'''
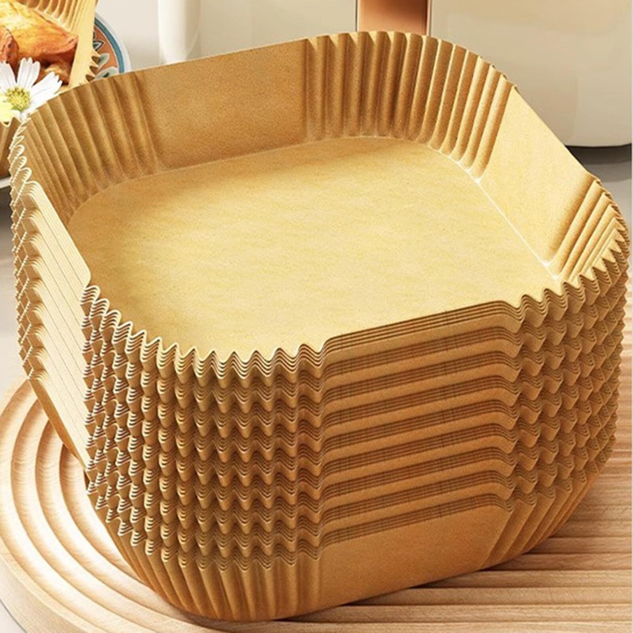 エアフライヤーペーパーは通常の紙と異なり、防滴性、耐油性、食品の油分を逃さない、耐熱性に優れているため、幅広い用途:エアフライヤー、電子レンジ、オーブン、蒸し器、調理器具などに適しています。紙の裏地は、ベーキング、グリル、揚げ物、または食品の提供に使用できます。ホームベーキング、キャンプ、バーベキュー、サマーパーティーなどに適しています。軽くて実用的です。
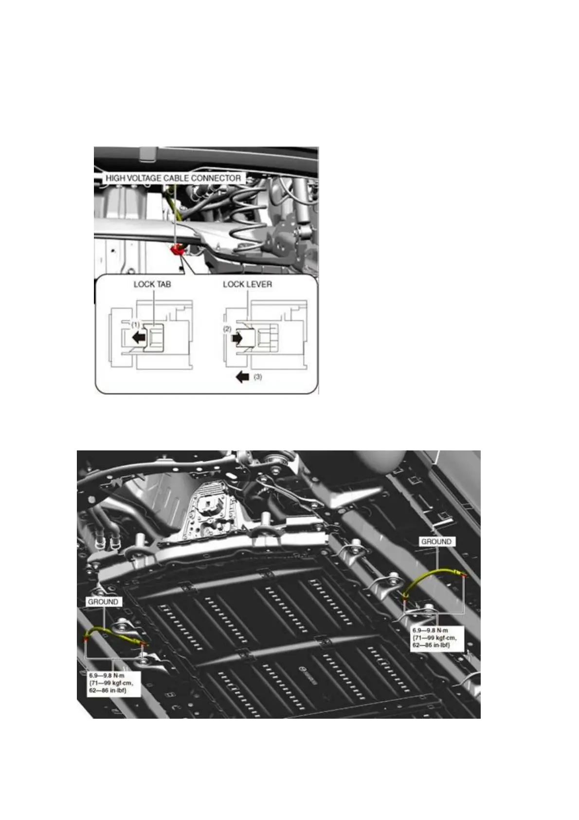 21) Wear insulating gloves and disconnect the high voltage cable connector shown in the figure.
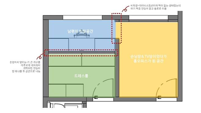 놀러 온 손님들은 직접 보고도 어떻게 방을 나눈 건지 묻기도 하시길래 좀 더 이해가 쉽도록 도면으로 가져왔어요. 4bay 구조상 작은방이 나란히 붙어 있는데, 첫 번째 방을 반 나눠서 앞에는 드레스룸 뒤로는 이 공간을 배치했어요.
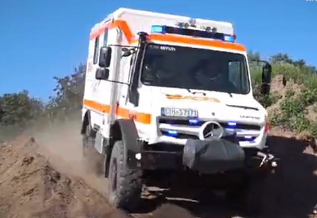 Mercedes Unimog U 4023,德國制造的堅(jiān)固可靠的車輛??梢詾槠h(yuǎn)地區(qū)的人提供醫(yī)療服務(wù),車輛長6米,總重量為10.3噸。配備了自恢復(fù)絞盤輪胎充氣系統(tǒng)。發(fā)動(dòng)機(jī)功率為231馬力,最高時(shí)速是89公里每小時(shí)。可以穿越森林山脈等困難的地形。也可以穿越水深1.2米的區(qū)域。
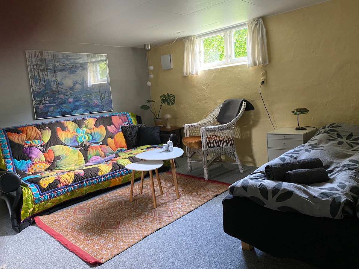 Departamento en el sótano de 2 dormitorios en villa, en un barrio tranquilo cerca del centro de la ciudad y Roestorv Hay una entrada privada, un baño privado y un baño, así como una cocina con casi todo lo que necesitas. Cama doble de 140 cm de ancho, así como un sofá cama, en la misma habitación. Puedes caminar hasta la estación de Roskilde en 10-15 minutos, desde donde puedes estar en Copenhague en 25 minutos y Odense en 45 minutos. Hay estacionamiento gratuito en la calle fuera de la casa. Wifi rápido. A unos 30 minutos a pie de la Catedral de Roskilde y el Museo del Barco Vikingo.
'''
Beginning with the line that contains "놀러 온 손님들은 직접", write out the lines of the material above exactly, and end with the line that contains "Mercedes Unimog U". Omit the pictures.

 놀러 온 손님들은 직접 보고도 어떻게 방을 나눈 건지 묻기도 하시길래 좀 더 이해가 쉽도록 도면으로 가져왔어요. 4bay 구조상 작은방이 나란히 붙어 있는데, 첫 번째 방을 반 나눠서 앞에는 드레스룸 뒤로는 이 공간을 배치했어요.
 Mercedes Unimog U 4023,德國制造的堅(jiān)固可靠的車輛??梢詾槠h(yuǎn)地區(qū)的人提供醫(yī)療服務(wù),車輛長6米,總重量為10.3噸。配備了自恢復(fù)絞盤輪胎充氣系統(tǒng)。發(fā)動(dòng)機(jī)功率為231馬力,最高時(shí)速是89公里每小時(shí)。可以穿越森林山脈等困難的地形。也可以穿越水深1.2米的區(qū)域。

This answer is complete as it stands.